2006 WI App 6, 709 N.W.2d 64, 288 Wis. 2d 660, 2005 Wisc. App. LEXIS 1083
CourtCourt of Appeals of Wisconsin
DecidedDecember 8, 2005
Docket2004AP2789
StatusPublished
Cited by6 cases

This text of 2006 WI App 6 (Zehner v. Village of Marshall) is published on Counsel Stack Legal Research, covering Court of Appeals of Wisconsin primary law. Counsel Stack provides free access to over 12 million legal documents including statutes, case law, regulations, and constitutions.

Bluebook
Zehner v. Village of Marshall, 2006 WI App 6, 709 N.W.2d 64, 288 Wis. 2d 660, 2005 Wisc. App. LEXIS 1083 (Wis. Ct. App. 2005).

Opinion

LUNDSTEN, PJ.

¶ 1. This case involves a lawsuit by mobile home park renters against their landlord and their municipality. The claims in the suit relate to water and sewer fees billed to the landlord by the municipality. Appellants Kristen Zehner, James Williams, Gary Waalkens, Judy Waalkens, Bonnie Shannon, Joan Hackbarth, Walter Shakstad, and Eleanor Shakstad (collectively the renters) own mobile homes. They rent space for their homes in a mobile home park, owned by American Mobile Home, located in the Village of Marshall. 1 The renters appeal orders of the circuit court dismissing their complaint against the Village and American Mobile Home for failure to state a claim. The renters allege the Village charges American Mobile Home water/sewer fees that are unjust, unreasonable, and non-uniform when compared with fees paid by *664 other Village residents. The renters allege the higher fees are passed on to them through the rents they pay. They also allege that American Mobile Home breached its obligation under the common law, the administrative code, and the statutes to maintain its sewer system in a reasonable state of repair. Their complaint seeks declaratory judgment against the Village, and damages and a declaratory judgment against American Mobile Home.

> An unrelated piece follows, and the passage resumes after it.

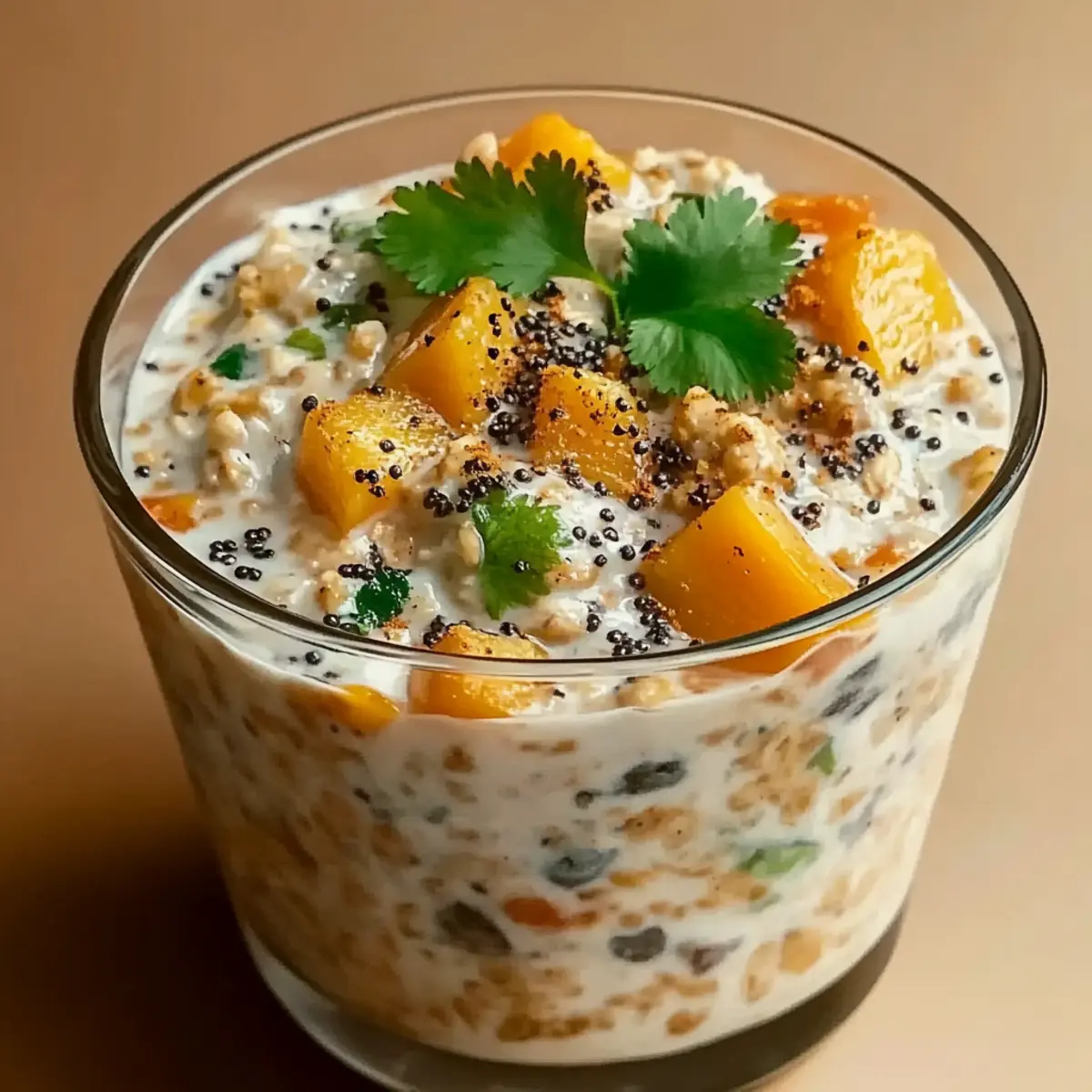 As I reached for my favorite spices one morning, the cozy aroma of cardamom and cinnamon wafted through the air, instantly transporting me to the bustling streets of India. This moment of culinary inspiration birthed my Nourishing Indian Overnight Oats, an easy-to-make breakfast brimming with delightful flavors and textures. With creamy yogurt, crunchy nuts, and the sweet chew of dried mango, it’s not just another quick meal—it’s a vibrant start to your day that will make busy mornings feel special. Plus, it’s a healthy, make-ahead option that fits seamlessly into any lifestyle. Are you ready to whip up something that will transform your breakfast routine? Why Choose Indian Overnight Oats? Simplicity at Its Finest: With just a few ingredients and minimal prep, this recipe is perfect for busy mornings. Bursting with Flavor: The blend of cardamom, cinnamon, and ginger adds a warm, inviting taste that elevates your breakfast experience. Nutritious Goodness: Packed with fiber, protein, and healthy fats, these oats keep you energized and satisfied all morning long. Versatility: Customize your bowl by adding different toppings, such as fresh fruits or nuts, to match your taste! Make-Ahead Convenience: Prepare several jars at once for quick, healthy breakfasts that fit seamlessly into your busy lifestyle. If you’re looking for more ways to elevate your morning routine, check out my tips for meal prepping and delicious variations to satisfy your palate! Indian Overnight Oats Ingredients • Discover the delightful components for these Indian Overnight Oats! For the Oats Base Rolled Oats – The heart of the dish providing essential fiber and structure; steel-cut oats can also be used but require a longer soaking time. Milk – Adds a creamy texture and helps the oats soften; any milk alternative like almond or coconut milk works beautifully. Yogurt – Introduces tang and creaminess; swap for dairy-free yogurt to make it vegan. For the Thickening & Sweetening Chia Seeds – A powerhouse ingredient that creates a pudding-like texture; can be substituted with flaxseeds. Honey – Natural sweetness enhances the flavor; feel free to use maple syrup for a vegan alternative. For the Spice Mix Ground Cardamom – Infuses warm, aromatic notes into the dish; adjust to your preference for stronger or milder flavor. Cinnamon – Adds familiar warmth; can be switched with nutmeg for an alternate spice profile. Turmeric – Gives vibrant color and an earthy taste; omit if a milder flavor is desired. Ginger – Brings a hint of freshness and spice; can be replaced with ground ginger if needed. For the Finishing Touches Pinch of Salt – Elevates all the flavors in your dish. Chopped Nuts (Almonds or Walnuts) – Provide delightful crunch and protein; use any favorite nut for variety. Dried Mango or Raisins – Offer delightful sweetness and chewiness; try swapping them with other dried fruits like cranberries or apricots. Prepare to awaken your taste buds with each spoonful and enjoy the simplicity and nutrition of these Indian Overnight Oats! Step‑by‑Step Instructions for Nourishing Indian Overnight Oats Step 1: Mix Ingredients In a large jar or bowl, combine rolled oats, milk, yogurt, chia seeds, honey, ground cardamom, cinnamon, turmeric, ginger, and a pinch of salt. Stir vigorously for about a minute until all the ingredients are fully blended and the oats are thoroughly coated with the creamy mixture. The texture should be thick and uniform, indicative of a perfect base for your Indian Overnight Oats. Step 2: Refrigerate Once mixed, cover your jar or bowl tightly with a lid or plastic wrap. Place it in the refrigerator and let the mixture chill for at least 6 hours or preferably overnight. This step allows the oats to absorb the liquid, softening them and enhancing the flavors. You’ll know they’re ready when the mixture has thickened and looks rich and inviting. Step 3: Stir & Adjust Consistency When you’re ready to serve your Nourishing Indian Overnight Oats, take them out of the refrigerator. Open the lid and give the mixture a good stir to ensure even creaminess. If you find it too thick for your liking, add a splash of milk—stir until you achieve your desired consistency, ensuring each grain of oats is perfectly blended. Step 4: Add Toppings Now, let your creativity shine by adding toppings! Spoon the oats into a serving bowl or leave them in the jar. Sprinkle chopped nuts, such as almonds or walnuts, on top, followed by your choice of dried fruits like mango or raisins. You can also drizzle a bit of honey or add extra spices to tailor your Nourishing Indian Overnight Oats to your taste. Step 5: Serve Your delightful Nourishing Indian Overnight Oats are now ready to enjoy! You can eat them cold straight from the fridge for a refreshing start to the day, or gently warm them in the microwave for about 30-60 seconds if you prefer a cozy meal. Any leftovers can be stored in the refrigerator for up to three days, just wait to add fresh toppings until you’re ready to indulge. What to Serve with Nourishing Indian Overnight Oats Start your day on a high note with a complete meal that tantalizes your taste buds and nourishes your body. Masala Chai: A spiced tea that complements the oats’ flavors perfectly, providing warmth and a comforting vibe. Fresh Fruit Salad: Bright, juicy fruits add a refreshing contrast to the creamy oats, elevating your breakfast experience. Granola Crunch: Top your oats with granola for an added crunch, enhancing texture and infusing every bite with nutty goodness. Coconut Yogurt: Swap regular yogurt for coconut yogurt to enhance creaminess and add a tropical twist that plays beautifully with Indian spices. Honey Drizzle: A gentle drizzle on top enhances the sweetness and offers an inviting glossy finish to your nourishing bowl. Sweetened Almond Milk: Serve alongside for a light and nutty drink that harmonizes with the spices in your oatmeal. Savory Avocado

¶ 2. The renters contend the circuit court erred in concluding that they lacked standing to challenge the water/sewer fees the Village charges American Mobile Home. The renters also argue the circuit court erred in determining that they did not state a claim upon which relief could be granted against American Mobile Home under common law, the administrative code, or the statutes. We affirm the circuit court. 2

Background

¶ 3. Because the issue on appeal is whether the renters' complaint states a claim, the pertinent facts are those alleged in the complaint, which are as follows.

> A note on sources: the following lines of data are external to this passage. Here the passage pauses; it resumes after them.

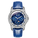 Dial Design: Blue Dial & Watch face is designed with year, month, date, day, 6 hours day/night/24 hours instruction & moonphase style, luminous hands display. White/Blue Color Zirconia and Diamond inlay collocation multifunctional dial, highlight charm, shine extraordinary brilliance.
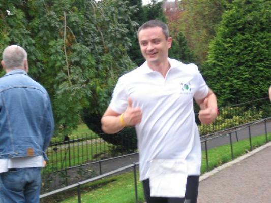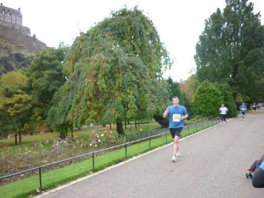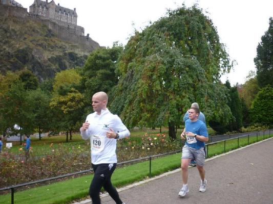 At around 5.5km, Mr Scott cruised past me. I kept him in my sights until after the Men’s Health At Work Assault Course in the Cowgate when he took off like a whippet up a set of never ending steps. My quads were done and the race between myself and Mr Scott was, I am afraid to say won...........by HIM.
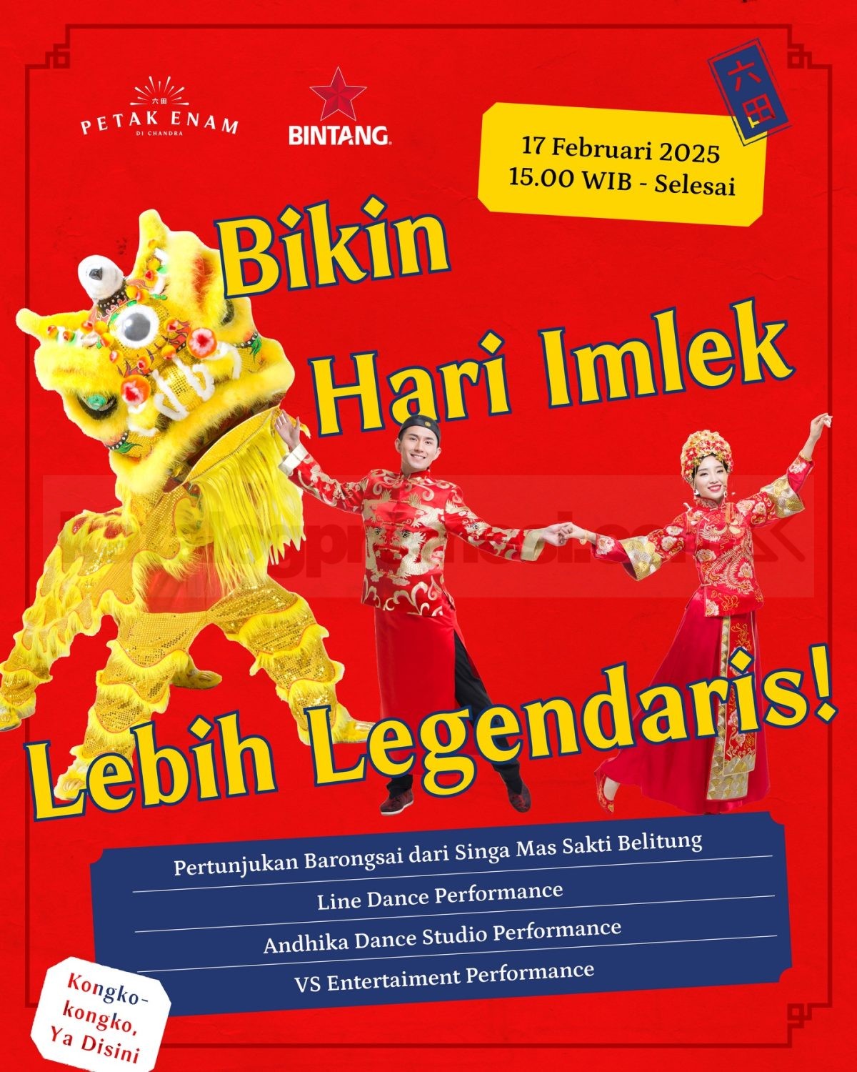 Bikin Hari Imlek Lebih Legendaris! di Petak Enam Chandra Pantjoran Glodok berlangsung 17 Februari 2025 dengan pertunjukan barongsai dan performance spesial.

¶ 4. The renters own mobile homes situated in a mobile home park owned and managed by American *665 Mobile Home. The park is located within the Village of Marshall. The renters own the mobile homes in which they live, but they rent the lots on which the homes sit from American Mobile Home.

¶ 5. The sewer system in the mobile home park is defective. Groundwater infiltrates the park's sewer pipes, thereby increasing the volume of sewage going into the Village sewer system from the park.

¶ 6. The Village determines the charges assessed to residents for the water and sewer system, including American Mobile Home. Water inflow and sewer outflow are charged as a single service with a single fee by the Village. The Village charges American Mobile Home for water/sewer service based on sewer outflow volume. The Village charges all other Village residents for water/sewer service based on water inflow. The Village began using the different billing method for American Mobile Home because the Village determined that American's mobile home park was responsible for significant groundwater infiltration into the sewer system. The Village has the authority to require American Mobile Home to repair its sewer equipment to stop groundwater infiltration, but the Village chose to address the issue by charging American Mobile Home water/sewer fees based on sewer outflow. The result is that American Mobile Home is charged more than if it were charged based on water inflow like other Village residents, and more than if American Mobile Home repaired its sewer line.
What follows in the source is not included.